Из этих слов я поняла, что передо мной Фидий, архитектор и исполнитель самого амбициозного из планов Перикла — перестройки холма Акрополя. Фидия считали лучшим скульптором в мире. Я продолжала улыбаться, храня молчание, так как думала, что он говорит скорее для самого себя, как делали весь вечер другие мужчины.

— Понимаешь, о чем я? — нетерпеливо спросил он вдруг.

Я набрала в грудь побольше воздуха, прежде чем заговорить.

— Это строительство горячо обсуждается не только в Афинах, но и за пределами полиса. Города-государства, отдавшие свою безопасность в руки Афин, не очень рады таким расходам из их общих фондов. Я родом из Милета и слышала много разговоров на эту тему на рыночной площади. Вот что я могу сказать в ответ на твой вопрос. Что же касается деталей вашего плана и его экономической стороны, то, должна признаться, мне об этом ничего не известно.

— Что за красноречие у молодой девушки! К тому ж у тебя такое необычное лицо.

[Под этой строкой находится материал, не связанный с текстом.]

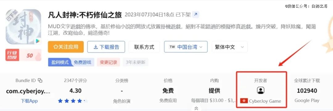 data.ai 的数据显示「Galaxy Defense」的发行账号属于香港厂商 Cyberjoy Game(上图)。点点数据显示该账号此前曾在中国台湾等市场上线仙侠题材放置 RPG「凡人封神」(下图) | 图片来源:data.ai、点点数据

Я, конечно, знала о том, что хорошенькая, но никогда не считала свое лицо таким уж необычным. Черты его были приятны и пропорциональны, но ничем не лучше многих и многих. Возможно, глаза у меня больше, чем у некоторых других женщин, а губы полнее и ярче. Когда отец был жив, он, бывало, говаривал мне, что я вырасту красавицей на горе мужчинам, но после его смерти все, что я слышала о себе, это жалобы Алкивиада на то, до чего я неженственна.